On my first attempt, I returned to work part time when she was around nine months old, but I couldn't bear to leave her with "strangers" i.e. the lovely ladies at my local nursery. The day I broke, I had taken a peak through the glass as any protective parent would, to observe for a moment. I saw three babies sitting in a semicircle, including her, being fed with the same spoon from the same bowl, like hungry chicks, the one chirping loudest getting more food. My hormonal brain triggered a physical cramp in my stomach and a heavy pull on my heart. I was blessed with a calm, quiet baby, who was never going to chirp the loudest. She would be my only child and I wanted to be with her every minute of every day. Until I didn't! Now I love my mornings after she's left for school, and I love the moment I pick her up.


My second attempt was about proving to myself that I could still perform as Corporate Me whilst nailing it as a fully hands-on Super Mum. Why couldn't I continue as the spontaneous, yoga-loving, carefree me I like to think I was BC (before child)? The anxiety I experienced whilst pregnant was a one off, wasn't it? An isolated case brought on by a particularly bad manager (the bully I referred to in a previous post) and a significant life event. I didn't need to go back to work, I'd been very careful with my money over the years and dreamed of starting my own business one day. Most importantly, I didn't want to miss a single moment of those precious early years. The days are long but the years are short, as the parents who came before me would say. Yet, I jumped back in with two feet, without the right support, no self care, but full of enthusiasm and a genuine passion to do well. This was the biggest role of my career, at the firm I aspired to be for as long as I care to remember.


Two months into the new job, my mental health appeared to go downhill quite rapidly.
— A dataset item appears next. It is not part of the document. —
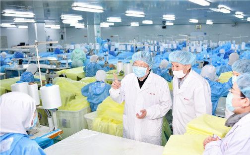 省委書記、省人大主任王東峰走進生產車間,認真查看醫用防護服生產情況,代表省委、省政府,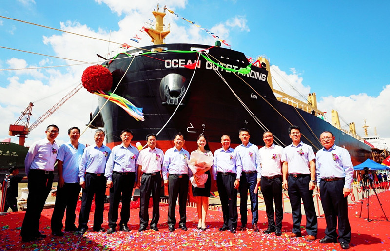 扬州中远海运重工承建民生金融租赁12艘6... 2018/08/30 12:00:00 8月29日,扬州中远海运重工为民生金融租赁建造的64000吨散货船(CIS64000-54)“OCEAN OUTSTANDING”轮命名交付,至此该系列12艘船舶的建造画上一个圆满的句号。

I felt deeply unhappy, as I smiled to anyone and everyone I passed in the corridors. Many days I would leave the house before my daughter awoke and return after she'd gone to bed. But this was more than Mothers Guilt*, which is constant and something I've learnt to live with. I worked for a kind man who was supportive of my return-to-work situation, but obviously we weren't working in a biscuit factory. Unlike before, this time the pressure came from within. Yet with the right help I truly believe I wouldn't have spiralled, so deep, so quickly. I worried about the big, the small, the things that hadn't happened, irrelevant things. Worry turned to tiredness, tears and desperation - this happened over a period of weeks. It became clear that I hadn't fully dealt with the trauma experienced some years earlier. Flashbacks triggered by words, in meetings, certain personalities and even physical similarities in people. The mind was playing cruel tricks on me. I thought the workplace had moved on and I'd been left behind. But that wasn't the truth, for the most part the office politics, business challenges and day-to-day events, were the same.
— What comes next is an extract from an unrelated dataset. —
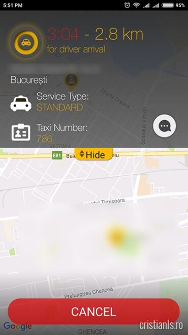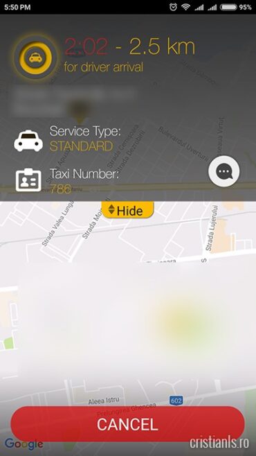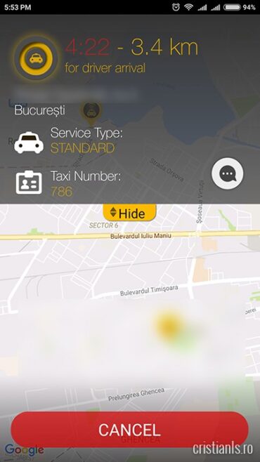 Aș mai vrea și posibilitatea de chat cu șoferul. Nu doar alea trei mesaje stupide. Presupun că nu vreți ca șoferul să tasteze, e OK, dar măcar lăsați-mă pe mine să-i spun c-a ajuns la blocul din spatele sau din fața blocului meu, că e penibil să ne căutăm reciproc, iar chestia asta se întâmplă, deja, aproape de fiecare dată când chem un taxi!

Getting the right help, in the end, pulled me out of this desperate hole. For me that was talking to a professional coach, which I refer to in a previous post, plus some self exploration and discovery. Ultimately, I made a choice to leave the career I'd loved for 22 years. A choice I didn't realise I had (which was part of the problem), but it was always there. I chose a lifestyle that keeps my mind happy and healthy every day, with an acceptable blip here and there. These days, the only thing that keeps me awake at night is my daughter snoring, and that's just fine.



The Corporate Mind by Ann Camargo



*Mother's Guilt doesn't need much explanation - you do your best but it's never enough, you question what's right or wrong, you blame yourself for everything the baby does or doesn't do and at what stage they do or don't do it. I've worked with many Dads who experience their own version of this - they want to be more present to care for the new Mum and their new arrival, but they feel useless, they're exhausted too, the pressure to provide, get that promotion, that much needed pay-rise. The magnitude of becoming a father can hit them hard and shouldn't be underestimated.